Da ist schon noch was frei...

----------

## root_tux_linux

 *koschi wrote:*   

>  *root_tux_linux wrote:*    *koschi wrote:*    *Steve` wrote:*   Hast Du mal einen Blick in /var/log/Xorg.0.log geworfen? Sind da irgendwelche Fehlermeldungen erkennbar? 
> 
> Nein. Da ist alles in Ordnung. 
> 
> http://www.home.hs-karlsruhe.de/~komi0028/Xorg.0.log
> ...

 

Ich komm noch mal auf xinit /usr/kde/3.5/bin/startkde  zurück  :Smile: 

Laut dem Screenshot kann Ksplash ja nicht zu X Server 0 verbinden.

Was passiert wenn du aber "xinit /usr/kde/3.5/bin/startkde  -- :1"  versuchst?

Also ob nur 0 blockiert ist oder auch 1.

----------

## koschi

 *root_tux_linux wrote:*   

> 
> 
> ...
> 
> Was passiert wenn du aber "xinit /usr/kde/3.5/bin/startkde  -- :1"  versuchst?
> ...

 

Hatte ich als erstes probiert, ging ebenfalls nicht.

----------

## root_tux_linux

 *koschi wrote:*   

>  *root_tux_linux wrote:*   
> 
> ...
> 
> Was passiert wenn du aber "xinit /usr/kde/3.5/bin/startkde  -- :1"  versuchst?
> ...

 

Schon mal mit x11-base/xorg-server-1.4.0.90-r3 versucht?

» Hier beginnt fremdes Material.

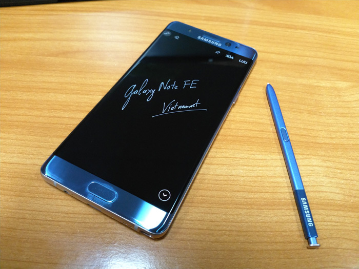 | Galaxy Note FE chính hãng được bán ở Việt Nam có hai phiên bản gồm đen xám và xanh san hô. Chiếc Galaxy Note FE chính hãng mà phóng viên VietNamNet có trên tay là phiên bản màu xanh san hô (Blue Coral). Đây là phiên bản từng được đánh giá cao về thiết kế của chiếc Galaxy Note 7. |

Laut deiner Log hast du ja Xorg 1.3.0.

----------

## koschi

 *root_tux_linux wrote:*   

> 
> 
> ...
> 
> Schon mal mit x11-base/xorg-server-1.4.0.90-r3 versucht?
> ...

 

Will ich nicht machen. Mein System soll weitestgehen "stable" bleiben. Nur um DBUS zur Zusammenarbeit mit KDE zu bringen mach ich kein Update auf "testing"-xorg-server.

----------

## root_tux_linux

 *koschi wrote:*   

>  *root_tux_linux wrote:*   
> 
> ...
> 
> Schon mal mit x11-base/xorg-server-1.4.0.90-r3 versucht?
> ...

 

Kannst ja mal updaten und wenns geht weisst du das es xorg war und dann wieder nen downgrade ^^

Also ich benutz nur testing und find es nicht instabiler als  stable  :Razz: 

----------

## koschi

 *root_tux_linux wrote:*   

> 
> 
> ...
> 
> Schon mal mit x11-base/xorg-server-1.4.0.90-r3 versucht?
> ...

 

Ja, habs gerade probiert. Hat aber auch nicht geholfen. Bleibe daher auf xorg-server-1.3.

----------

## koschi

*SCHIEB* 

Problem besteht nach Update auf KDE-3.5.9 weiterhin. 

Inzwischen irgendwelche Mitstreiter hinzugekommen, die mit dem gleichen Problem kämpfen?

----------

## MaTu

Hallo 

Wenn du Kde mal fertig starten läßt und nach ca. 20 min kde fertig gestartet hat, dann habe ich zumindest das gleiche Problem.

Noch eine Frage mit der dbus- Version 1.0.2-r2 funktioniert es bei dir?

lg MaTu

----------

## koschi

 *MaTu wrote:*   

> Hallo 
> 
> Wenn du Kde mal fertig starten läßt und nach ca. 20 min kde fertig gestartet hat, dann habe ich zumindest das gleiche Problem.
> 
> Noch eine Frage mit der dbus- Version 1.0.2-r2 funktioniert es bei dir?
> ...

 

Das mit den 20 Minuten probier ich mal aus. Mit dbus-1.0.2-r2 funktioniert alles wunderbar.

----------

## MaTu

Hallo 

Entschuldige wenn ich dich auf eine falsch Spur gefüht habe.

Ich hatte mich aus meinem Rechner teilweise selbst ausgesperrt (mittels iptables) und kde hat das nicht gefallen.

lg MaTu

----------